THE TASK ▸ In the material below, pictures must be dropped. Repeat exactly, and only, the lines from the line with "Custom is uitgevoerd" to the line with "The prospective communication", both ends included.

RECORDS FOR THIS TASK ▸
/---

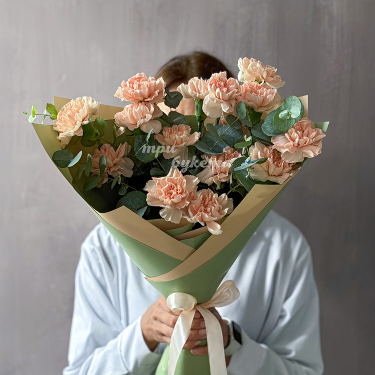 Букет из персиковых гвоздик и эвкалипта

\---
/---

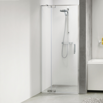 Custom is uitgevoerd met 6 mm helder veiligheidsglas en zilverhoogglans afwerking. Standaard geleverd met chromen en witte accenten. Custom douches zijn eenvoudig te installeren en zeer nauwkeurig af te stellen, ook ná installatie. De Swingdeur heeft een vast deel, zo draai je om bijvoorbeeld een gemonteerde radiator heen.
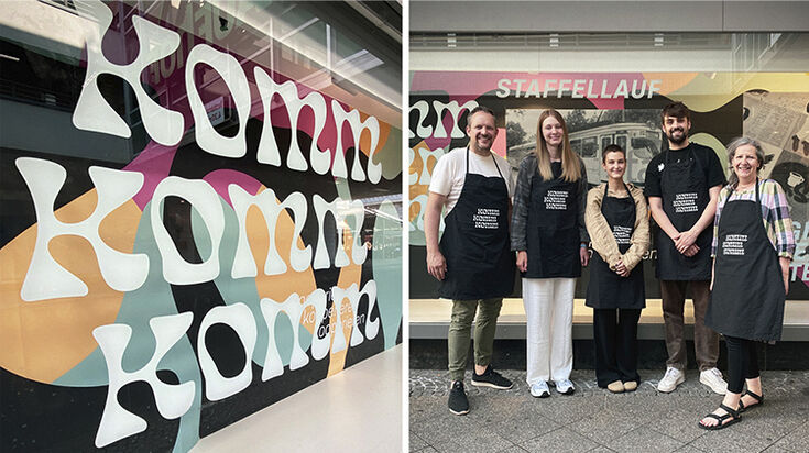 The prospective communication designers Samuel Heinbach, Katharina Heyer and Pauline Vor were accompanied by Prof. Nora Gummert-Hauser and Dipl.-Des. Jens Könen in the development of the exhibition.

\---

RESULT FOR THIS EXERCISE ▸
 Custom is uitgevoerd met 6 mm helder veiligheidsglas en zilverhoogglans afwerking. Standaard geleverd met chromen en witte accenten. Custom douches zijn eenvoudig te installeren en zeer nauwkeurig af te stellen, ook ná installatie. De Swingdeur heeft een vast deel, zo draai je om bijvoorbeeld een gemonteerde radiator heen.
 The prospective communication designers Samuel Heinbach, Katharina Heyer and Pauline Vor were accompanied by Prof. Nora Gummert-Hauser and Dipl.-Des. Jens Könen in the development of the exhibition.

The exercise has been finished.